Note:- Load the model to GPU ('cuda') for faster processing

In [None]:
from transformers import AutoModel, AutoTokenizer

# Loading the tokenizer for the pre-trained OCR model
tokenizer = AutoTokenizer.from_pretrained('ucaslcl/GOT-OCR2_0', trust_remote_code=True)
# Loading the pre-trained OCR model
model = AutoModel.from_pretrained('ucaslcl/GOT-OCR2_0', trust_remote_code=True, low_cpu_mem_usage=True, device_map='cuda', use_safetensors=True, pad_token_id=tokenizer.eos_token_id)

model = model.eval().cuda()

### STEP 3:- Preprocessing the output text



In [None]:
# function the change the delimiters of the latex part in the text
# for the mathematical equations the output of the model is  'Let \(\alpha\) and \(\beta\) be real numbers' or \[
#\left(\frac{\sin \alpha}{\cos \beta}+\frac{\cos \beta}{\sin \alpha}+\frac{\cos \alpha}{\sin \beta}+\frac{\sin \beta}{\cos \alpha}\right)^{2}\]
# the latex in indicated in the \( - \) or \[ - \]
# this function changes that to the mathematical equation between $ - $
import re

def Transform_Latex_Delimiters(text):
  result = re.sub(r'\\\(', '$', text)
  result = re.sub(r'\\\[', '$', result)
  result = re.sub(r'\\\)', '$', result)
  result = re.sub(r'\\\]', '$', result)
  return result

Note:- In this function the pattern changes from pdf to pdf we should change it by observing the pdf

In [None]:
# function to separate the questions from single text

def SplitQuestions(text):
  pattern = r'Q\.\s*\d+'
  questions = re.split(pattern, text)
  questions = [q.strip() for q in questions if q.strip()]
  return questions

In [None]:
def ExtractQuestionsFromImage(img_path):
  text_in_image = model.chat(tokenizer, img_path, ocr_type='format')
  transformed_text = Transform_Latex_Delimiters(text_in_image)
  questions = SplitQuestions(transformed_text)
  return questions

In [None]:
import pandas as pd
def ConvertToCSV(questions, csv_file_path):
  questions_df = pd.DataFrame(questions, columns=['Question'])
  questions_df.to_csv(csv_file_path, index=False)
  return

In [None]:
folder_path = ''
all_questions = []
for filename in os.listdir(folder_path):
  img_path = os.path.join(folder_path, filename)
  print(filename)
  questions = ExtractQuestionsFromImage(img_path)
  # this part may not be needed for every pdf (removing the instructions )
  # this is pdf dependent
  questions = [question for question in questions if not question.startswith('\\title')]
  all_questions.extend(questions)

ConvertToCSV(all_questions, '<your_csv_file_path>')
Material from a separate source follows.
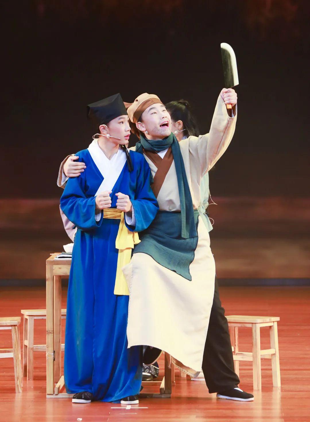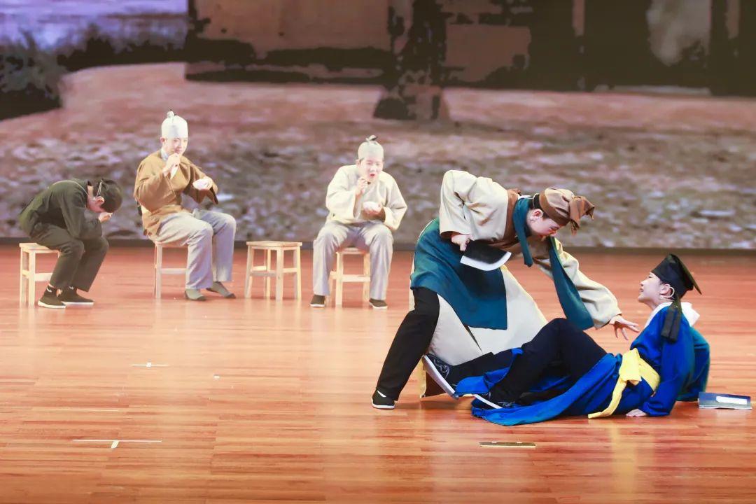名著新编《范进中举》是基于学科融合课程理念,结合七年级语文学科阅读经典名著活动,暑假期间由同学们择选出经典名篇,刘婵、商利民、黄雨莹三位老师进行指导。

## For testing on single image the code part is

In [None]:
import time

def TestingWithImage(img_path):
  start = time.time()
  #extracting text from image
  text_in_image = model.chat(tokenizer, img_path, ocr_type='format')
  end = time.time()
  # Inference time
  print(f"Inference Time:- {end-start}")


  print("************************* text in the image from ocr ***********************")
  print(text_in_image)

  #preprocessing the output text to convert into required format

  print("************************* text in the image after transformation ***********************")
  transformed_text = Transform_Latex_Delimiters(text_in_image)
  print(transformed_text)

  print("************************* questions ***********************")
  questions = SplitQuestions(transformed_text)
  print(questions)

  print("************************* questions after removing Instructions ***********************")
  questions = [question for question in questions if not question.startswith('\\title')]
  print(questions)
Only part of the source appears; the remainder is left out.